The devastating failures of MI6 in the run-up to the Iraq war brought about a new recruitment crisis. Whether women officers would have been better equipped to ask the right questions about Iraq, or to spot that Saddam was duping them, is impossible to say. But as we watch the spread of Islamic State and the recruitment of young women as jihadist fighters, the case for bringing women into the intelligence services is more overwhelming than ever. The radicalised young people who endanger us today live among us, are taught in our schools, and grow up in our communities, where the Mumsnet crowd with their baggy jumpers and shopping bags so often hang out.

Hazel Blears and her committee are certainly not the first to understand the value of women as intelligence officers. When in 1940 Winston Churchill was looking for ways to help the French resistance, he created the Special Operation Executive, and authorised the recruitment of women to drop behind enemy lines. A woman riding around occupied France on a bicycle, he thought, would attract less attention than a man.

Jessica Chastain plays an elite CIA agent in Zero Dark Thirty

The male officers who trained these young women were often sceptical about their abilities. They were too “innocent” or “girlish” to be of use. But it soon emerged that many of the SOE women were as resourceful and courageous as any man and resilient under fire and under torture, too. The senior SOE woman staff officer, Vera Atkins, who helped recruit these SOE women, never had any doubts that they would be as successful secret agents as men. Atkins also took on women with children. Violette Szabo left behind a young daughter when she dropped by parachute into France. Women worked instinctively, were steely, and the best judges of human nature, Atkins believed, herself becoming one of the most influential staff officers in SOE.

She would certainly have agreed with Maurice Oldfield, director of MI6 in the Seventies, who once said “intelligence is about people and the study of people” – study in which women so often excel. Yet, as the ISC report rightly acknowledges, it is not enough to recognise the value of women as intelligence officers. The challenge is how to make the job attractive to them.

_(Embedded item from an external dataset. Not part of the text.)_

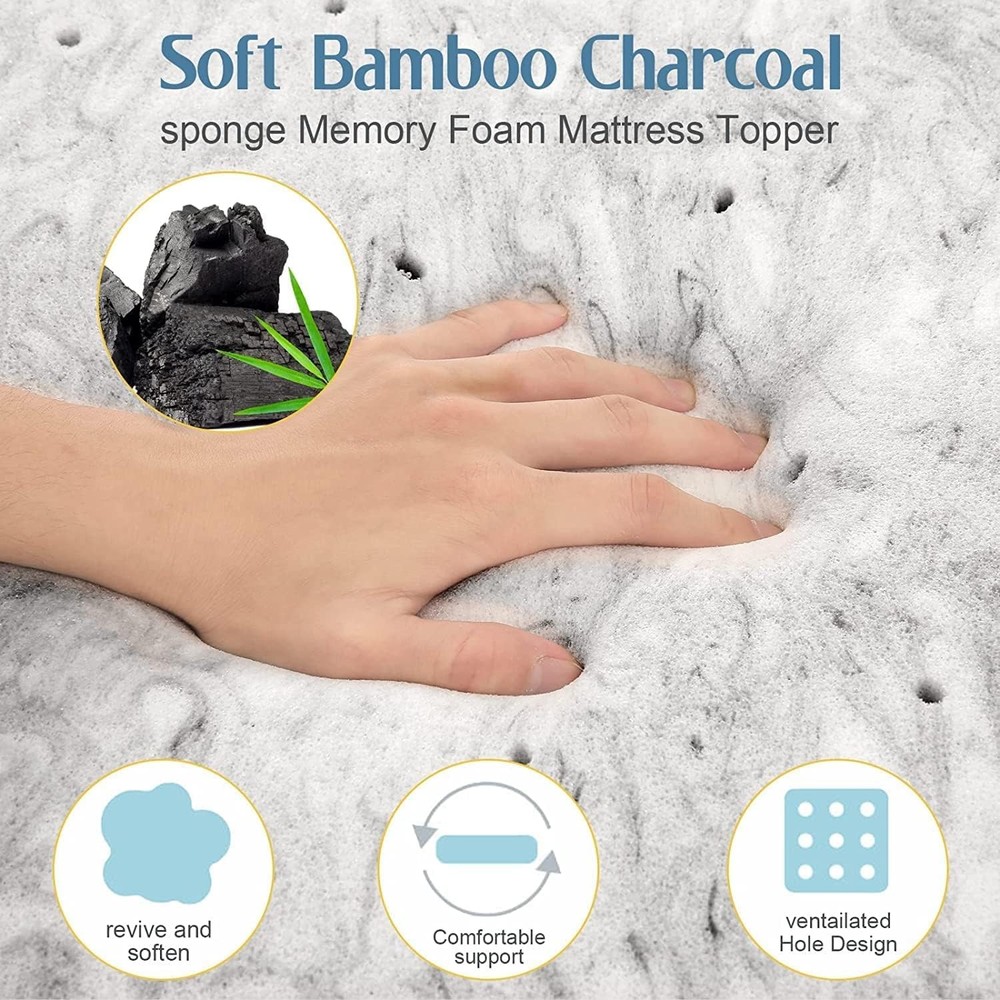 ✅Ventilated and Moisture Control - The negative ion integrated ensures a healthier sleep environment. Filled with charcoal microscopic porous attraction structure ventilation, naturally hypoallergenic memory foam is optimized for airflow and moisture control, reducing body heat retention and preventing odors. ✅Ultimate Comfort - Moderately soft and flexible polyurethane material is suitable for all body types, evenly distributing weight and reducing spinal pain and pressure points. Whether you sleep on your back or side, the bed topper fits your body's curve and increases the hours of deep sleep. ✅Extraordinary Mattress Toppers - Lounging on the couch, camping in the great outdoors, or hitting the road in your RV, this topper eliminates motion transfer allowing your family to enjoy a sound night. Sunk right in a layer of sumptuous and soft-to-the-touch memory foam. ✅Ideal Addition - Whether you're looking to rejuvenate an old mattress, enhance the comfort of a too firm bed, or add a touch of decorative flair, a foam mattress pad is the ultimate cost-effective solution. It turns your ordinary bed into a heavenly oasis enveloped in luxurious clouds! ✅Unpacking and Care Instructions - Memory foam topper comes smartly compressed. Upon receiving it, we recommend placing it in a well-ventilated area to regain its original shape. Moreover, please avoid exposing the topper to direct sunlight, as this could cause discoloration, turning it yellow.

Female spies such as Nancy Wake proved their worth in World War Two

The very culture of the intelligence world immediately alienates most women. Even Mrs Thatcher had a healthy scepticism of “the service”, keeping it at arms length. The report describes a culture that “rewards those who speak the loudest or are aggressive in pursuing their career” and adds that women who have children are quickly sidelined. Instead the service should support such women and promote their talent. The idea of recruiting mums as spies is easily ridiculed. But successful companies worldwide are increasingly turning to mothers with young children, offering them attractive contracts with flexible hours. We also know the “enemy” is using more women. It is time our intelligence services did the same.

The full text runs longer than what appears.